Personal information
- Full name: Fábio Ramos Magalhães
- Born: 12 March 1988 (age 37) Lisbon, Portugal
- Nationality: Portuguese
- Height: 1.94 m (6 ft 4 in)
- Playing position: Left back

Club information
- Current club: ABC Braga
- Number: 88

Senior clubs
- Years: Team
- 2005–2009: ABC Braga
- 2009–2016: Sporting CP
- 2016–2017: Madeira SAD
- 2017–2018: Chartres
- 2018–2025: FC Porto

National team ^{1}
- Years: Team / Apps / (Gls)
- 2006-: Portugal / 194 / (363)

= Fábio Magalhães =

Portuguese handball player (born 1988)

Fábio Ramos Magalhães (/pt/; born 12 March 1988) is a Portuguese handball player for ABC Braga (handball) and the Portuguese national team.

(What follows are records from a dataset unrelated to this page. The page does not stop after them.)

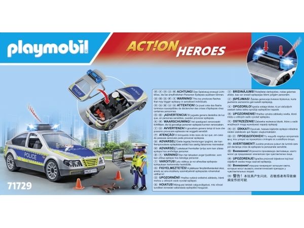 Træd ind i action med PLAYMOBIL politipatruljebilen! Blinkende lys, realistiske sirener og plads til vigtigt udstyr gør den perfekt til hæsblæsende biljagter og sikring af området. Med aftageligt tag, anhængertræk og detaljeret tilbehør som refleksvest, trafik­kegler og politinotesbog føles hver mission ægte.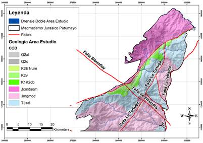 En la Fig. 3 se presenta el mapa geológico y de estructuras principales en el área de estudio, tomado y digitalizado de la plancha 430 Mocoa [5, 6].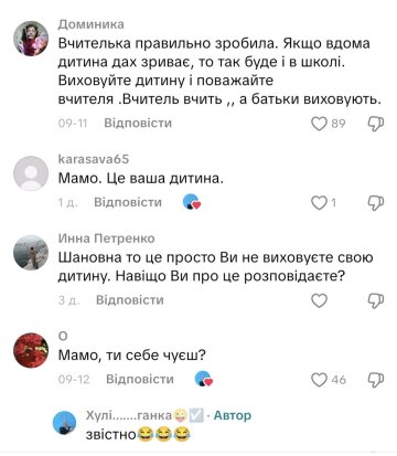 "Вчителька правильно зробила. Якщо вдома дитина дах зриває, то так буде і в школі. Виховуйте дитину і поважайте вчителя .Вчитель вчить, а батьки виховують".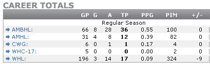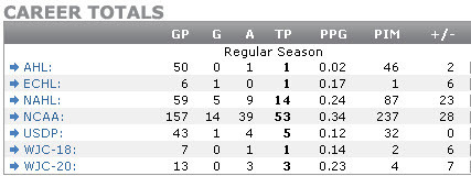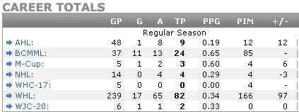 237 PIMs over 157 games and maintained a +/- 28. Short AHL career thus far of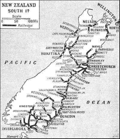 No less interesting than the railways of the North Island of New Zealand are those in the South Island. The mountain backbone of the South Island reaches considerably higher altitudes than any of the mountain ranges in the North Island. As compared with the latter's highest peak—Ruapehu, with an altitude of 9,175 ft.—Mount Cook in the South Island towers to 12,349 ft. above the sea. The west coast, with its deep inlets and ice-mantled peaks, gives a combination of Norwegian and Alpine scenery that probably has no rival in the world, especially as many of the mountains in the Southern Alps of New Zealand can be seen in all the majesty of their full height from the level of the sea itself. For many years of railway history in the South Island this mountain chain proved an insuperable obstacle to railway communication. The main railway system, connecting the cities of Christchurch, Dunedin, and Invercargill, along the plains that fringe the sea down the east coast of the island, was completely cut off from the smaller west coast system, serving Westport, Greymouth, and Hokitika. But the mountain chain was finally pierced, and the two systems were linked up. In the Otira Tunnel, five and a quarter miles in length. New Zealand is proud to possess the longest railway tunnel in the British Empire, beating the Connaught Tunnel of the Canadian Pacific Railway, in the Rockies, by a little over a quarter of a mile. The tunnel was completed and opened in 1923, and will be referred to in more detail later on this page A casual reference to the map might lead the observer to the conclusion that the obvious connexion between the North and South Islands of New Zealand is across the narrow width of the Cook Strait, from Wellington across to Picton. A steamer service is certainly maintained across this often rough stretch of water, and a railway is found on the south side of the strait. But it travels only as far as Wharanui, down the east coast. Then comes a stretch of very difficult country, from the engineering point of view, where the Kaikoura ranges strike out to the coast. This region also is so sparsely populated as to offer little inducement for railway building. At present, therefore, there is a gap of eighty-two miles along the east coast until Parnassus, the most northerly point on the main railways system of the South Island, is reached. So the traveller from Wellington to Christchurch embarks on one of the fine steamers maintained by the railway administration, of which the biggest is of 6,000 tons register. He sleeps comfortably on board, and is taken from one capital to the other—or, strictly, to Lyttelton, the port of Christchurch—in eleven hours, the distance covered being 174 miles. The journey is thus completed overnight ; nine hundred passengers can be berthed on one of the vessels.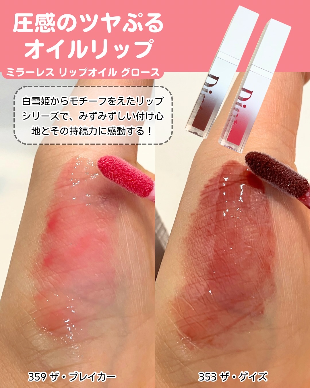 #PRだーいすきなDintoのブラーグローイティントと新作のミラーレスリップオイルを頂きました(՞⸝⸝ᵒ̴̶̷᷄꒳ᵒ̴̶̷᷅⸝⸝՞)💕新発売されたばっかりのミラーレスリップオイル💄オイルだしすぐ落ちちゃうんだろうなと思ったけど食べて飲んでもツヤが残ってる😳❕でもベタつかないし、Dintoの美味しさはそのまま👈食べないでしかもこのオイル、ティントとセットで使うとより深いこっくりした色味とツヤになって超可愛い〜(ᐢ∩̫‹ᐢ)︎◝✩ミラーレスリップオイル353/ブラーグローイティント205こちらの組み合わせはコーラル系でかわいいピンク((o(。・ω・。)o))仕事とかでも使いやすいナチュラルな色😌🩷ミラーレスリップオイル359/ブラーグローイティント218こちらは私が大好きな大人パッキリピンク^>·̫<^✌🏻💯⭐️派手顔が好きなのでプライベートは絶対こっち✌︎︎(◜▿◝)#Dinto#360度ツヤリップ#大人リップ#落ちないリップ#飲み会リップ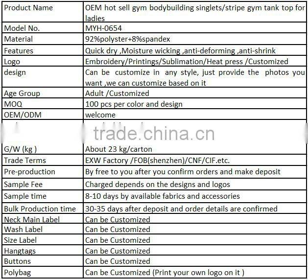 OEM hot sell gym bodybuilding singlets/stripe gym tank top for ladies

He represented Portugal at the 2020 European Men's Handball Championship. In 2025 he was part of the Portugal team that reached the semifinals of the World Championship for the first time in history. They lost the semifinals to Denmark and the third place playoff to France. At the 2026 European Men's Handball Championship he was part of the Portugal team that got 5th place, their best ever finish at a European Championship.